Thursday, November 18, 2010

To Nano or not to Nano


Why I do not do NanoWriMo anymore
by Kim Smith

Because it is far easier to just sit my butt in the chair and write if I don’t have all the pressure of a contest to turn out a certain word count.

For some people, they need a bit of pressure. It encourages them to “get ‘er done”, or at the very least get ‘er started. I believe that anything that gets a writer going is okay. So, if you are hot on the trail of the next bestselling book, and it is thanks to Nano, then you are okay by me.

But we should all remember that writing is easy if you don’t care much about what you are putting on the page. Most times, writing is something akin to pulling out your own jaw-tooth with a rusty pair of pliers. It just ain’t gonna come out.

Sometimes we have issues that crop up. I have them nearly every day. I cannot write and take care of issues and worry about a contest that requires me to get in 1667 words. It will shut me down and I will NEVER get anything done. But there are a lot of folks who can do it and do so every dang year.

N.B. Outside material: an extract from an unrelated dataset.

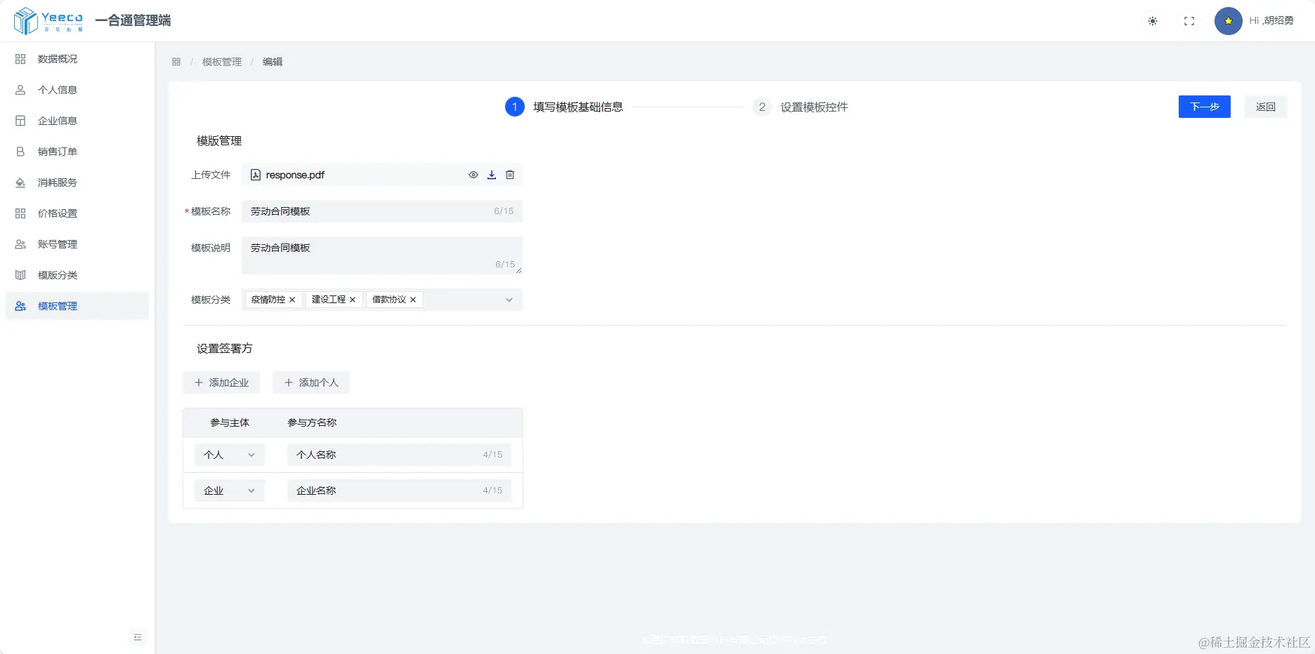在设置合同横版的时候,可提前设置好该模板预设好的签署方“个人”、“企业”,目前单个横版最多支持10个签署对象

One of those great fall Sundays where I had a belly full of stew and football on the tube and man, that couch was just a ‘callin’ convinced me that Nano is timed all wrong for me.

I don’t need Nano. I write my utmost best in fall and winter. It’s too chilly or bad weather then to do anything outside, so naturally my attention turns inward. And my muse is always waiting.

But if you are a Nano-er and still sitting here reading this post, best hop to it. Your word count is calling. I just penned 300 words for you on this blog and it was pretty darn effortless. If I can do that, you can succeed too. Best of luck, and let us know how it’s going.

5 comments:

Hart Johnson said...

I love the adrenaline of NaNoWriMo. I decided about 3 books ago that I have an easier time EDITING if I let go of the quality of the first draft and FLY because it is easier to let go and remove stuff that isn't so painfully extracted. For me, carefully crafted, slowly written words STILL may not go TOGETHER just right, but I am a lot more resistant... it's a mental game, but as I know me, I am using it. You are spot on though--each of us needs to find what works for us and just encourage other writers to do what works for them.

s.w. vaughn said...

I must agree with you, Kim - NaNo works for some people, but not all.

It doesn't work for me, usually because come November I'm midway through one book or another that needs me to keep writing it, and not stop to pound out 50K words of something else.

And I know I can't sustain that pace. I did try for a few years.

However, a few weeks ago I wrote 25K words in 10 days... so I CAN write fast if I feel that I need to. Just not longer than 10 days (because damn, that almost killed me. *G*).

Aaron Paul Lazar said...

On average, when I'm writing a new book, I usually turn out between 1500-2500 words a day. But so often I'm in edit mode for one of my gazillion books, and then it's a whole different world. I love the creating part. Wish I could ALWAYS be doing that!

Joylene Nowell Butler said...

I'm with you, kiddo. At this stage in my career, I want the words to be perfect. That may be why I'm still reworking chapter 32. It's been a week. Yesterday I worked on day on such the first paragraph. Exhausting work.

Great post, as usual.

Dawn Anon said...

I'm in my third year of Nano... my second "real" year. I'm at 20-something thousand words. I'm behind schedule.

I've found Nano to be very helpful... i've blogged a teeny bit about it. But mostly, in a nutshell... i have trouble sitting and writing daily because of my confidence level. I think i'm not good enough. Nano gets me to not think about that. Now as i write more, i'm finding that plots are coming easier because i'm putting out some quantity. I think, maybe, once people are "real" (i.e. published) writers (see, there's that confidence thing again) Nano isn't as helpful.